#ubuntu-us-wa 2011-12-06
<seattlegaucho> who posted the add for the podcast hw? It looks like it has been removed from craigslist … anyone?
#ubuntu-us-wa 2011-12-07
<androidbruce> #gslug
<bkerensa> wish valorie would join us too
<bkerensa> :D
<shannonlucas> valorie: bkerensa is trying to get the Oregon channel population to beat the California channel's :p
<shannonlucas> Anyone have any experience with the System76 laptops?
<ievans3024> i got free stickers from them once
<ievans3024> i also applied to a customer support position for them, but never got a response back
<ievans3024> but i assume you've got a question about the hardware
<shannonlucas> :-p
<shannonlucas> It's getting time to replace my old laptop, and I was considering them as an option
<ievans3024> and a good one, at that
<shannonlucas> Biggest complaint I saw with the Serval was battery life being really short
<ievans3024> yeah, a lot of power/battery technologies are developed by the manufacturers and (from what i understand) rarely shared between computer manufacturers
<shannonlucas> Found a rant by someone about how they don't provide their drivers for other distros.
<ievans3024> if you only intend on using ubuntu and you aren't concerned with software freedom, then i guess that wouldn't be such a big deal
<ievans3024> funny to me though that they would be using hardware that doesn't work on the drivers provided in ubuntu
<shannonlucas> My bigger concern is more along the lines of how long they would continue to maintain their drivers (which are open source)
<shannonlucas> My old ThinkPad still has great driver support, but it uses baseline Intel parts for everything.
<ievans3024> same as my sony
<ievans3024> good luck with your computer purchase, whatever it turns out to be
<shannonlucas> Thanks.

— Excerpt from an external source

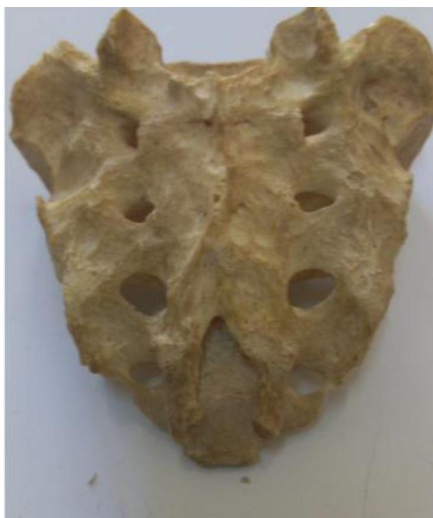
Figure 4 Schematic representation of inverted-V shape of SH.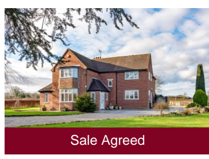
Trentham, Lapley Road, Wheaton Aston

I'll probably just agonize over it a few weeks and then just stick with what I have for a while longer. :p
#ubuntu-us-wa 2011-12-08
<anjilslaire> my local ISP just switched me from a static IP to PPoE and cut my connection from ~30mb real DL speed to ~3mb real
<anjilslaire> and says its what all local retailers are providing, after "extensive market research"
<anjilslaire> for $48 month
<anjilslaire> gee, thanks  for giving me notice.
<anjilslaire> and thats on a fiber connection
<anjilslaire> I just called my local cable provider, and switched to their 10mb cable bundled to my TV, and it's only $32 for the internet half
#ubuntu-us-wa 2011-12-09
<shannonlucas> HP is going to release webOS as open source.
<shannonlucas> http://www.marketwire.com/press-release/hp-to-contribute-webos-to-open-source-nyse-hpq-1596936.htm
<bkerensa> yeah I just blogged about that
<bkerensa> :D
<bkerensa> token gesture at best
<bkerensa> and the press release is somewhat laughable
<shannonlucas> Yeah, just saw your post
#ubuntu-us-wa 2013-12-06
<Slyfooker> ahhh, home sweet home
#ubuntu-us-wa 2013-12-07
<valorie> ok......
<ErichEickmeyer> lol
<valorie> ErichEickmeyer: are you another kubuntu user?
<valorie> I see you're on quassel
<ErichEickmeyer> At the moment, I am. I do dual-boot between Ubuntu and Kubuntu, depending on my mood.
<valorie> cool
<valorie> I mean, it's all ubuntu
<ErichEickmeyer> Very true.
<valorie> but you mean Unity and kub?
<ErichEickmeyer> Yep. Between Unity and KDE.